Let’s be honest, we all need money. Whenever you don’t feel like getting out of bed, just remember that you still need to pay the bills and that will send a shock down your spine.
Sure, you might get satisfaction out of the challenge and accomplishment from your job and work with amazing co-workers, but that still does not beat receiving the paycheck at the end of the month. Let me ask you: “Would you still be at your job if you didn’t get paid?” The majority will say a resounding ‘no’.
Well, in that case, why not make our paycheck as big as we possibly can? Everybody wants to be fairly compensated, regardless of the work, but how do we know if we’re not? Bear in mind that money is not the end-all as there are different types of benefits with different companies. But, here are the six signs you might be underpaid.
Related: 5 Financial Mistakes Most Employees Make When Starting A New Job
1. Increase in responsibility but not in salary
Almost every time when your responsibilities increase, your salary should too. Think about it; when you first got hired, the salary was based on the responsibilities that were expected of you. So now that the responsibilities have changed, shouldn’t there at least be a conversation about how it affects your compensation?
Always review your salary before taking on additional responsibilities to ensure your salary remains competitive. Negotiate a raise. Don’t overwork and be underpaid. Also, ask some of your peers in the same industry once in a while, wages may fluctuate depending on the supply and demand of the profession.
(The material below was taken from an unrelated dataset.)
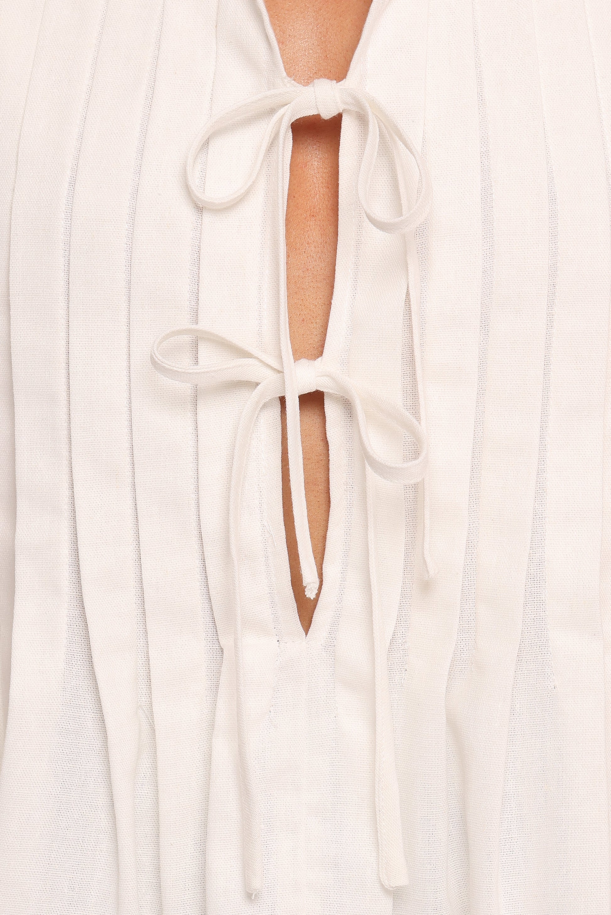 DETAILS Elevate your wardrobe with the Delia Pleat Tie Top in a stunning shade of blue. This chic piece features a round neckline and a deep V-front with a charming tie closure, presenting an effortlessly stylish look that's perfect for any occasion.
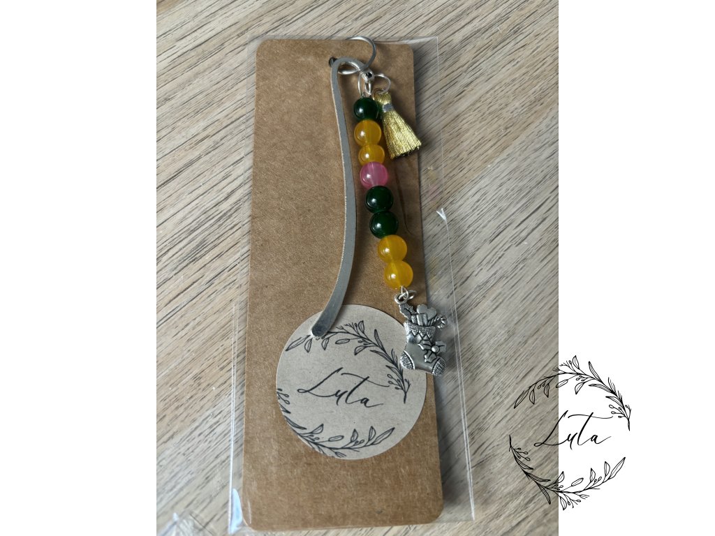 Záložka je vytvořená z korálků a bižuterních komponentů. Záložka je dodávána v dárkovém balení. Barva záložky i přívěsku je určována skladovými zásobami.

2. You haven’t received a raise in a long time
In an ideal place where there is less turbulence and global crisis like the COVID-19 in the market, you should expect to receive a bump in your salary about every year. This is not only for the efforts you’ve put in over the year but also to keep up with inflation.
But as we all know, the world is not always as generous as we hoped it would be and it may be quite difficult for some cultures to strike up the conversation. So give it roughly two years. If your manager values your presence and the work that you’ve done, they’ll do what’s right to keep you with the company.
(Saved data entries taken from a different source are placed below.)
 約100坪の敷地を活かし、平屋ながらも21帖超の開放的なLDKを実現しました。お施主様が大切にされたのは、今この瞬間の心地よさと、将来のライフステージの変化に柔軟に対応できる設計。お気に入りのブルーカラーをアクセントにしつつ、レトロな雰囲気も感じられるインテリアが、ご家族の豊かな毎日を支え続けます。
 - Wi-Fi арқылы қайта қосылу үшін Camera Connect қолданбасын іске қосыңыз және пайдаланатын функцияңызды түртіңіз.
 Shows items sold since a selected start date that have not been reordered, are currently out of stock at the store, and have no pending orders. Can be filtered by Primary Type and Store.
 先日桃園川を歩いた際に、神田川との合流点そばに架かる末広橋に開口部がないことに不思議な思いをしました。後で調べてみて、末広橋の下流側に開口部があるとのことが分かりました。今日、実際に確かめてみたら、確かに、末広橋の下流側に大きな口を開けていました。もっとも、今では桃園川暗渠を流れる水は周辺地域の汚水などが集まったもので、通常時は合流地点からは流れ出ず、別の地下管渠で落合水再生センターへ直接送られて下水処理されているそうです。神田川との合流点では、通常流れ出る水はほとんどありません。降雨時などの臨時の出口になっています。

3. Others with similar responsibilities get paid more
This may require you to do a little research, whether on the Internet or by asking your colleagues. In Malaysia, despite it being frowned upon when we ask about salaries, it doesn’t change the fact that it’s a good practice for transparency. The more secrecy there is about your compensation, the more employers can take advantage of.
Sites like LinkedIn, Glassdoor, Indeed, or Payscale have most of the information you need. With just a few clicks, you’ll know whether your compensation is on par with the market rate.
4. High turnover rates
There are only a few main reasons why people quit a job and one of them is to escape bad pay. With the Internet on our side, it’s not that hard to know how much a job is worth. Once someone has got that information and if they have the power to make a change, they’re going to take it. That means switching over to another company that values them.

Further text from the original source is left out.